Sometimes, but not often, the gentle and wise souls of our stories are parents. More often than not they are relatives once removed or older mentors we find in a variety of ways. Some show up serendipitously, others we search out - like spiritual directors and/or pastors - and a few are teachers who have paid careful attention to the way we move through their classes. This poem by Kory Wells captures the essence of those who see us "as through a glass darkly" and give us the benefit of the doubt. They listen and watch and encourage in small ways that cumulatively ignite the spark within into a true fire.

When she’d hand the rope to me,
she could’ve said, Here, jump
on out of my way—

I’ve got laundry to hang,
supper to cook, a shirt to mend,
this book I want to read.

She’d already taught me
Miz Mary Mac, those silver buttons,
all the other singsong rhymes.

Now she was teaching me
about metaphor, otherwise known as
pretend. She could’ve said, Here,

this is a snake—pretend
it wants to bite you, but
she was not teaching me to fear.

She could’ve said, Here,
find someone to play tug-of-war,
but she was not teaching me

to require the presence
of others. She could’ve said,
Here, this is how you make

a noose, but she was not
teaching me violence
or hatred. No,

my mother handed me
one end of that rope
secured in a stiff knot

and said, Here,
this is a microphone.
What can you sing?

("Voice" by Kory Wells)

There are also people who move in and out of our lives whom we love and respect who steadfastly refuse to trust the light we see in them. Do they choose emotional/psychological/spiritual incarceration? Or is the darkness within so significant or constant that they trust it more than the mystery called hope? I've never been able to know. Back in Cleveland my AA friends and I would ask: why do some of us make the 12 Step Program work when we hit bottom while others keep going back to the pain? Is the pain so intense that they trust what they know more than the possibility of healing? It isn't a matter of morality or integrity. Most of the time we ended these sessions simply scratching our heads and accepting the dilemma. "Who knows why some muster the courage while others cannot?" I often heard the prophet Elijah reply to the Lord while standing in the valley of dry bones: "Only Thou knowest, Lord. Only Thou."

There is a poignant scene close to the end of the film, "A River Runs Through It," where the MacLean family tries to comprehend the self-destructive ways of their youngest son, Paul. It seems that no amount of love, guidance, warning, punishment, encouragement, or support could move Paul out of his downward spiral that culminated in his murder. The words of this sermon continue to haunt me. For I, too, cannot make sense of such agony. The best I can do is entrust these loved ones to the care of God and believe that the One who is Holy cares better than I. "We can still love them - we can love them completely..."

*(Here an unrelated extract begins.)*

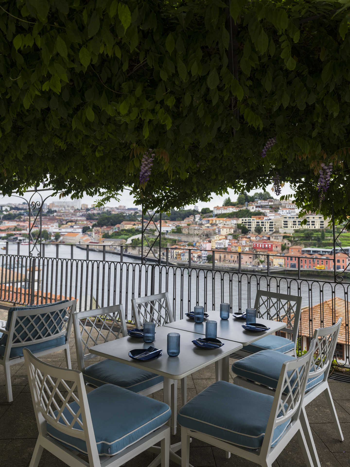 O Basquiat tem uma sala interior que serve o pequeno-almoço aos hóspedes da Maison Bleue, “Luxury Guesthouse & Art” inaugurada no outono de 2023, uma casa senhorial oitocentista com 11 quartos. Abre-se um terraço para as encostas do Porto e de Gaia, com o Douro pelo meio – espaço para refeições, sunsets e festas várias, mais uma área lounge relvada. Abaixo, um salão panorâmico para eventos e exposições.

Today, as we pack for our journey to Tucson, I am remembering both those elders and mentors who helped me accept the "foul rag-and-bone-shop of my heart" and those who remain imprisoned within it. For whatever reason I was able to hear what they wanted to teach me during the darkest days of my despair. "Trust the wisdom of your failures," they insisted, "travel through the darkness into a greater light." I rejoice in the blessing of their presence. Thank you, Sam, Martha, Ray, Jim, Dolores and Adolofo. If you have known such soul friends, give thanks to the Lord, and then pass on the gift of love as best you are able.